Pictures excluded, please transcribe exactly the lines from the one with "然后先放青椒块翻炒半分钟,让" through the end of the records below, and nothing more.
### Records for this task ###
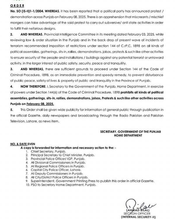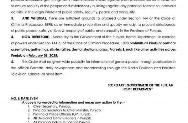 راولپنڈی (ڈیجیٹل پوسٹ) حکومت پنجاب نے صوبہ بھر میں دفعہ 144 نافذ کر دی! پنجاب میں ہفتہ 8 فروری کو ہر قسم کے سیاسی احتجاج، جلسے، جلوس، ریلیوں، دھرنوں اور ایسی تمام سرگرمیوں پر پابندی عائد۔ دفعہ 144 کے نفاذ کا فیصلہ امن و امان کے قیام، انسانی جانوں اور املاک کے تحفظ کیلئے کیا گیا۔ سکیورٹی خطرات کے پیش نظر عوامی جلوس و دھرنا دہشت گردوں کیلئے سافٹ ٹارگٹ ہو سکتا ہے اور شرپسند عناصر عوامی احتجاج کا فائدہ اٹھا کر اپنے مذموم عزائم کی تکمیل کیلئے ریاست مخالف سرگرمیاں کر سکتے ہیں۔ دفعہ 144 کے نفاذ کا فیصلہ کابینہ کمیٹی برائے امن و امان اور صوبائی انٹیلیجنس کمیٹی کی سفارش پر کیا گیا۔ محکمہ داخلہ پنجاب نے دفعہ 144 کے نفاذ کا نوٹیفکیشن جاری کر دیا
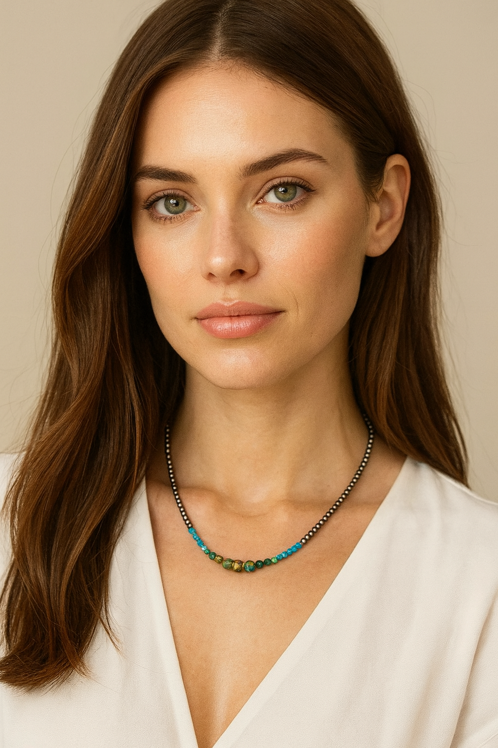 Elevate your look with this handmade clustered gemstone and Navajo bead necklace, designed for both elegance and versatility. The necklace pairs tiny 4mm polished Navajo beads with 4mm rondelle gemstones and clustered 6mm & 8mm round gemstones, creating a layered and textured finish that stands out.
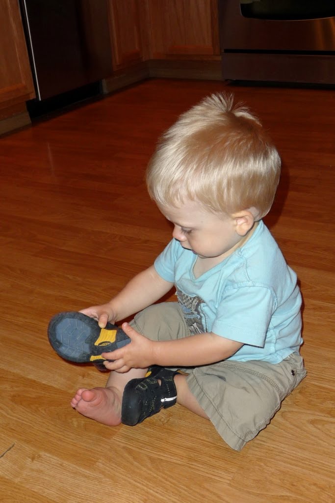 Have you heard the nursery rhyme, “One shoe off and one shoe on, Deedle deedle dumpling, my son John”? It’s true at our house. All the time. Here JT has lost a shoe and stopped to get it back on. He successful getting the Velcro undone but just couldn’t get it back on his foot.
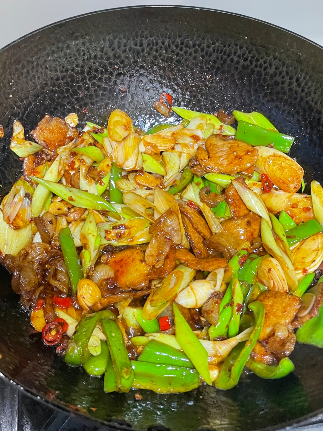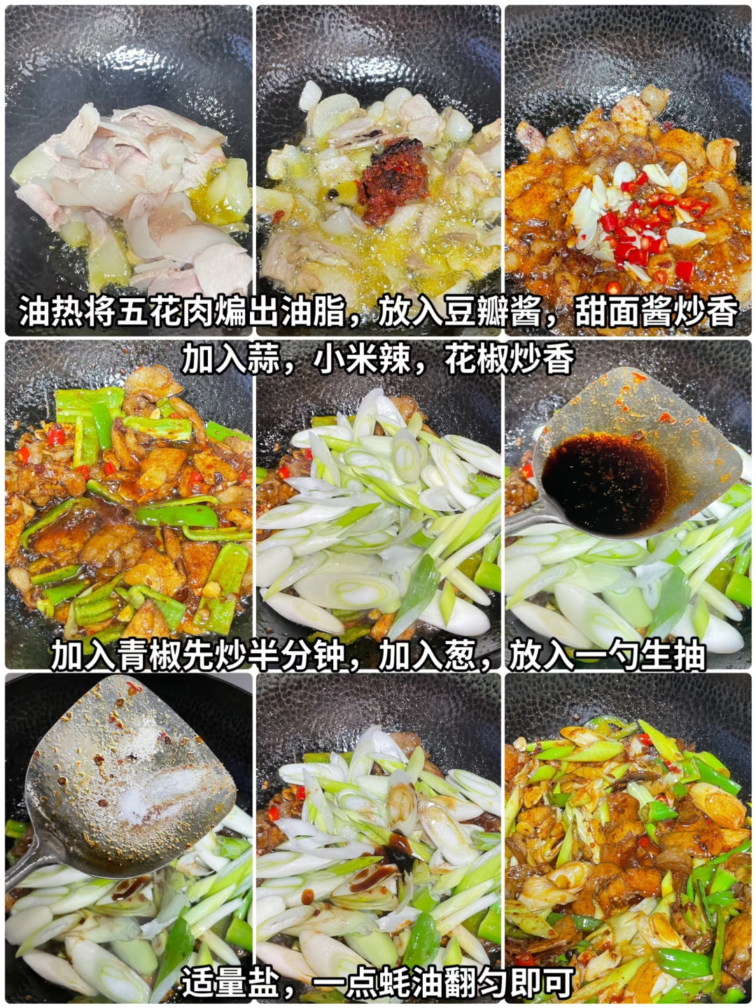 然后先放青椒块翻炒半分钟,让青椒吸收肉香同时保持脆嫩口感。重头戏来了——倒入葱段!这时候要开大火快速翻炒,让葱段在高温下释放出独特的辛香,大概20秒就够了,千万别炒太久,葱段变软就不好吃了。最后沿着锅边淋一勺生抽,加一点点盐和蚝油,翻炒均匀就能出锅啦!记得尝一下咸淡再调味,因为豆瓣酱和甜面酱本身就有咸味。
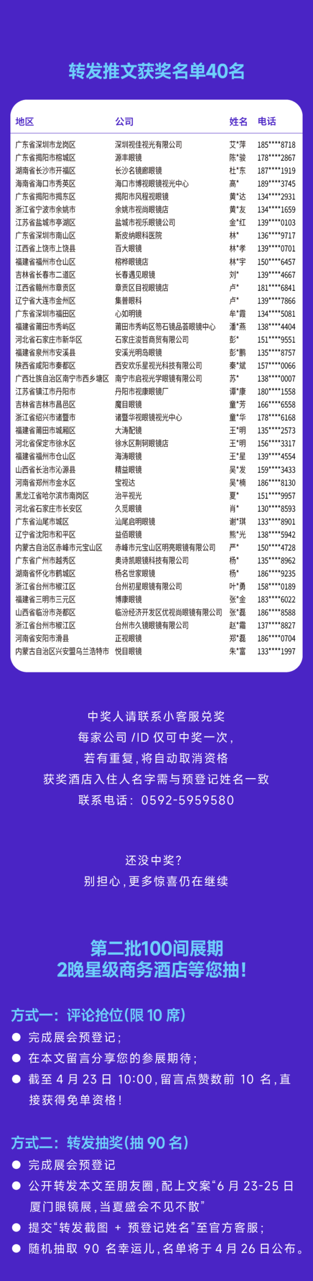 锚定六月黄金档 | 2026厦门眼镜展,多元品类一站备齐(第一批酒店中奖名单揭晓)
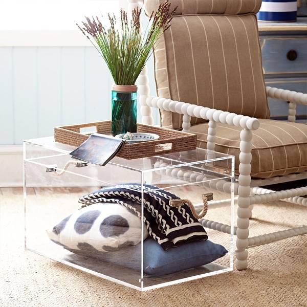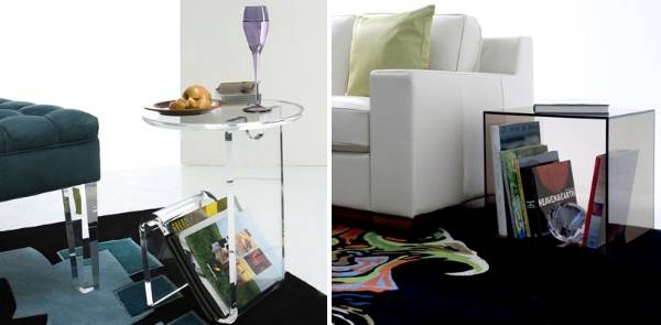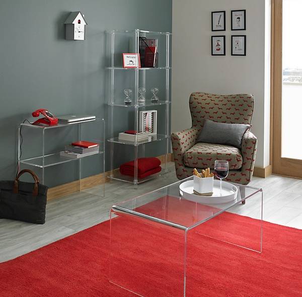 Еще одно достоинство акриловой мебели — это удобство организации хранения вещей. Так, прозрачная полка или этажерка позволяет быстро найти нужный журнал или любой другой предмет, который в ней хранится, ведь её содержание просматривается со всех сторон!
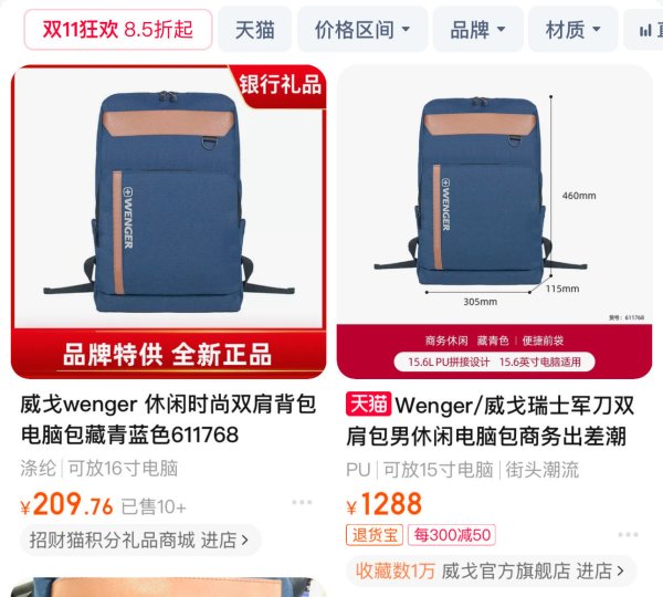 WENGER威戈的价值观是卓越品质,精益求精和杰出工艺的热爱,以及许多标志性产品(包括世界闻名的“瑞士军刀”)塑造而成的。后续WENGER威戈扩大产品范围,包括从1997年推出的腕表和从2003年推出的旅行箱包。但是上面的这些内容感觉都是针对他的高端版背包,至于值不值就见仁见智了,只是这个蓝色的基础款卖1288,我真觉得是耍猴呢….内置单独电脑存放位,包内多层合理分区及电脑仓设计,合理分配放置物品…然后…就没了,好吧,在另一个链接只要200+,所以你们觉得是耍猴吗?
###
Answer section:
 然后先放青椒块翻炒半分钟,让青椒吸收肉香同时保持脆嫩口感。重头戏来了——倒入葱段!这时候要开大火快速翻炒,让葱段在高温下释放出独特的辛香,大概20秒就够了,千万别炒太久,葱段变软就不好吃了。最后沿着锅边淋一勺生抽,加一点点盐和蚝油,翻炒均匀就能出锅啦!记得尝一下咸淡再调味,因为豆瓣酱和甜面酱本身就有咸味。
 锚定六月黄金档 | 2026厦门眼镜展,多元品类一站备齐(第一批酒店中奖名单揭晓)
 Еще одно достоинство акриловой мебели — это удобство организации хранения вещей. Так, прозрачная полка или этажерка позволяет быстро найти нужный журнал или любой другой предмет, который в ней хранится, ведь её содержание просматривается со всех сторон!
 WENGER威戈的价值观是卓越品质,精益求精和杰出工艺的热爱,以及许多标志性产品(包括世界闻名的“瑞士军刀”)塑造而成的。后续WENGER威戈扩大产品范围,包括从1997年推出的腕表和从2003年推出的旅行箱包。但是上面的这些内容感觉都是针对他的高端版背包,至于值不值就见仁见智了,只是这个蓝色的基础款卖1288,我真觉得是耍猴呢….内置单独电脑存放位,包内多层合理分区及电脑仓设计,合理分配放置物品…然后…就没了,好吧,在另一个链接只要200+,所以你们觉得是耍猴吗?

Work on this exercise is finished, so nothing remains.